__YOUR OBJECTIVE__
Could you give back the records exactly, taking out the pictures?

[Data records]
____________________
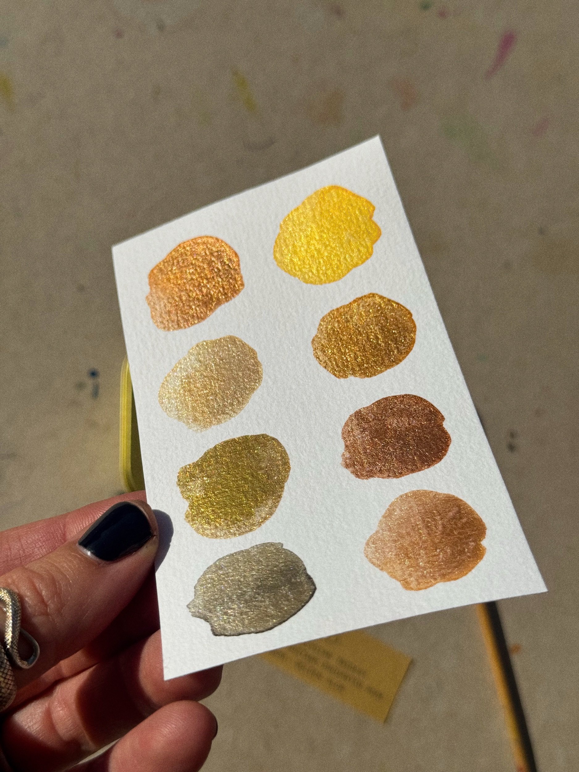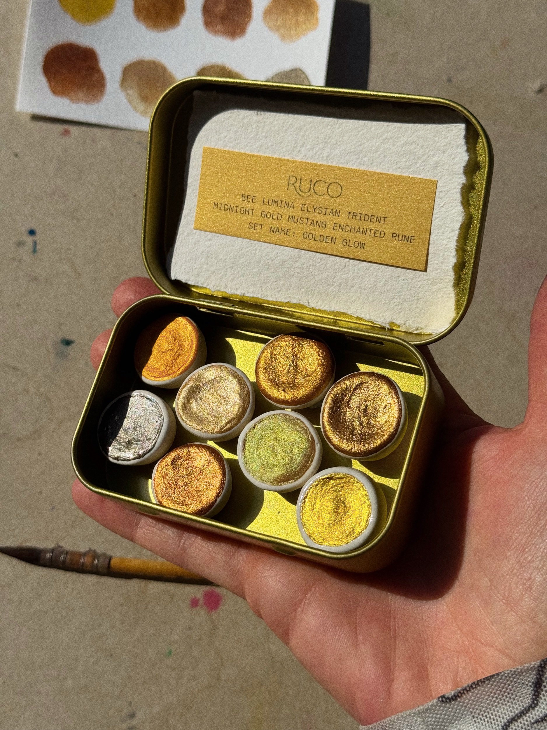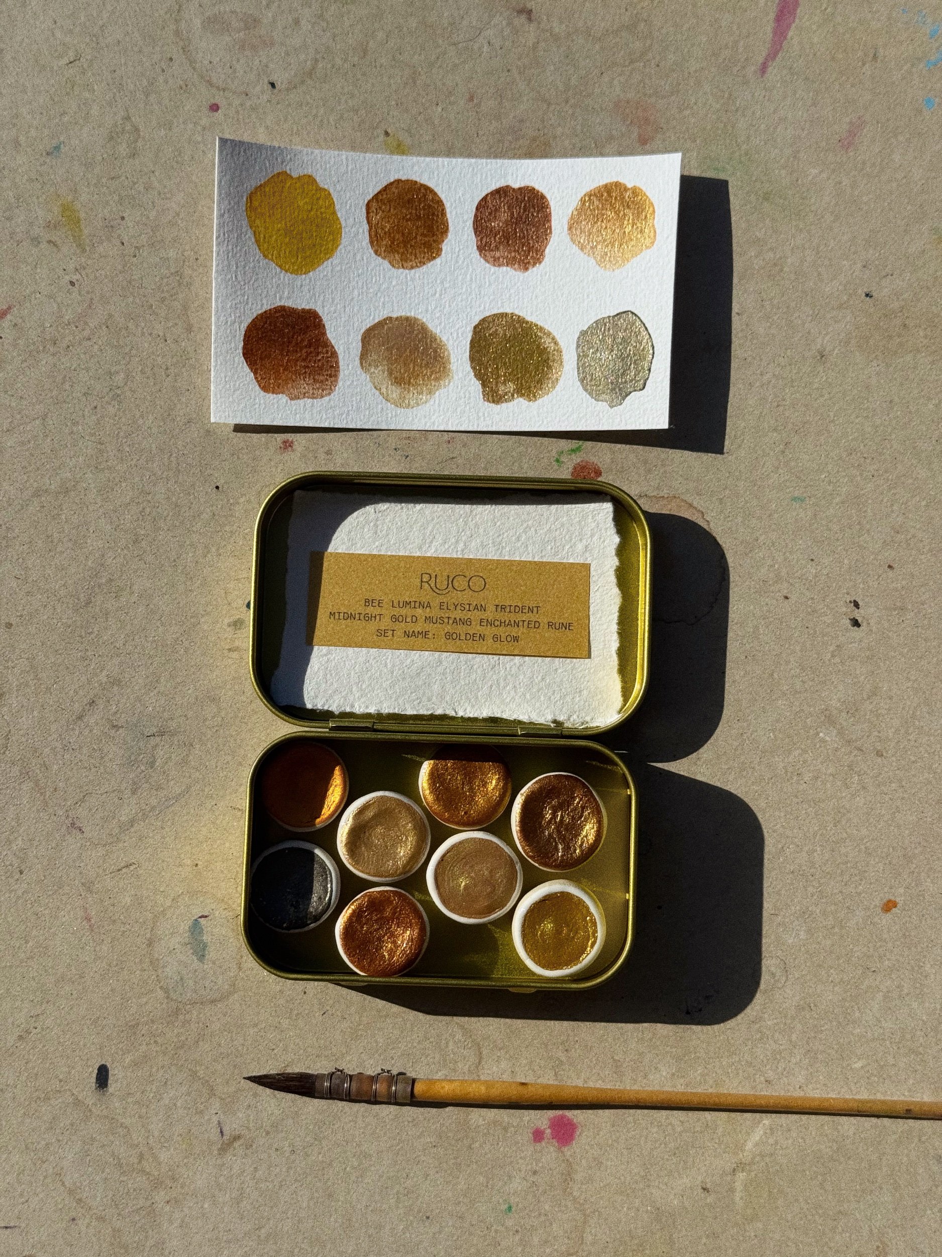 The colours in this collection are unique signature blends exclusive to Ruco. They are called Seaweed, Coffee, Moringa, Swirl, Clown, Happiness, Moonglade and Aretha. All are hand mulled in small batches with only the finest artist grade and lightfast pigments. This collection is very granulating and textural. It has some colours which separate to create truely unique effects in your art works.
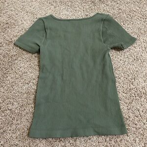 Free People XYZ Recycled Baby Tee Army Green Soft Stretchy Ribbed Shirt Size M/L
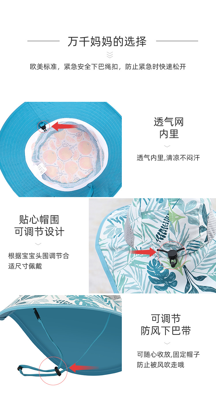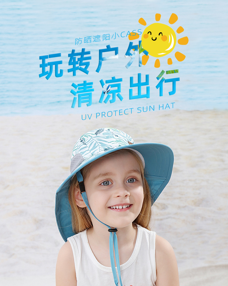 대외 무역 Ins 바람 큰 잎 어부 모자 어린이 여름 야외 휴일 해변 모자 큰 브림 목도리 햇살
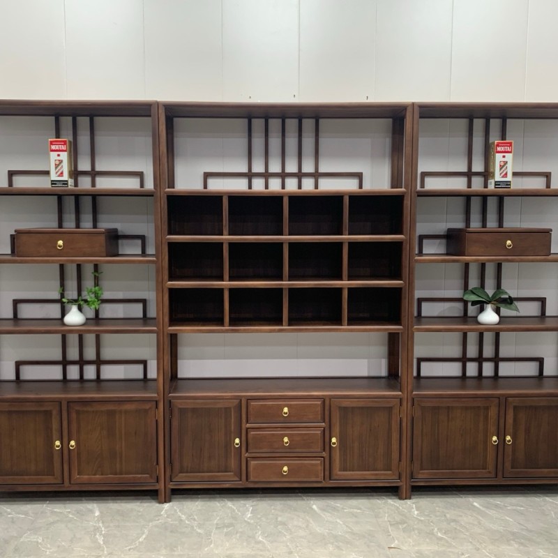 高品致尚➕二抽屉博古架 【尺寸】316×33×196CM(三组合)126×33×196CM(中柜) 190×33×196CM (两组合) 【材质】橡木 【颜色】北美胡/黑胡桃
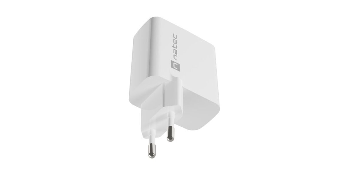 Adapter Natec USB Charger, Ribera Gan, 1X USB-A + 1X USB-C, 45W, biały
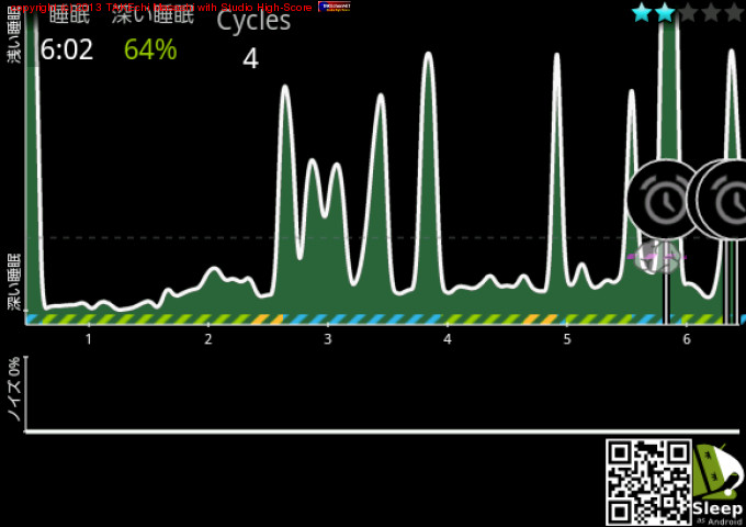 08/09 0:28 → 6:30 (6:02) 深い睡眠: 64 Cycles 4%
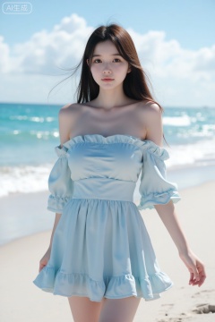 In the sunny beach scene, a beautiful beauty stands on the delicate white sand, the sea breeze blows on her silky brown hair, and her hair dances lightly with the wind. She was wearing a light blue off-shoulder dress, the folds of her skirt drooped naturally and gently swung in the breeze. The beauty's skin exudes a healthy luster. On her delicate face, her bright big eyes flash with a lively light. Under her high nose bridge, her lips slightly raised, revealing a charming smile. The background is an endless blue sea, with waves gently patting the beach, and a few white clouds floating in the sky, and the sun shining on the sea surface, sparkling. The overall tone is mainly blue and gold, creating a fresh and romantic atmosphere. The picture style is high-definition realistic photography, showing the charming style of the beauty on the beach.
____________________
__RESPONSE BELOW__
 The colours in this collection are unique signature blends exclusive to Ruco. They are called Seaweed, Coffee, Moringa, Swirl, Clown, Happiness, Moonglade and Aretha. All are hand mulled in small batches with only the finest artist grade and lightfast pigments. This collection is very granulating and textural. It has some colours which separate to create truely unique effects in your art works.
 Free People XYZ Recycled Baby Tee Army Green Soft Stretchy Ribbed Shirt Size M/L
 대외 무역 Ins 바람 큰 잎 어부 모자 어린이 여름 야외 휴일 해변 모자 큰 브림 목도리 햇살
 高品致尚➕二抽屉博古架 【尺寸】316×33×196CM(三组合)126×33×196CM(中柜) 190×33×196CM (两组合) 【材质】橡木 【颜色】北美胡/黑胡桃
 Adapter Natec USB Charger, Ribera Gan, 1X USB-A + 1X USB-C, 45W, biały
 08/09 0:28 → 6:30 (6:02) 深い睡眠: 64 Cycles 4%
 In the sunny beach scene, a beautiful beauty stands on the delicate white sand, the sea breeze blows on her silky brown hair, and her hair dances lightly with the wind. She was wearing a light blue off-shoulder dress, the folds of her skirt drooped naturally and gently swung in the breeze. The beauty's skin exudes a healthy luster. On her delicate face, her bright big eyes flash with a lively light. Under her high nose bridge, her lips slightly raised, revealing a charming smile. The background is an endless blue sea, with waves gently patting the beach, and a few white clouds floating in the sky, and the sun shining on the sea surface, sparkling. The overall tone is mainly blue and gold, creating a fresh and romantic atmosphere. The picture style is high-definition realistic photography, showing the charming style of the beauty on the beach.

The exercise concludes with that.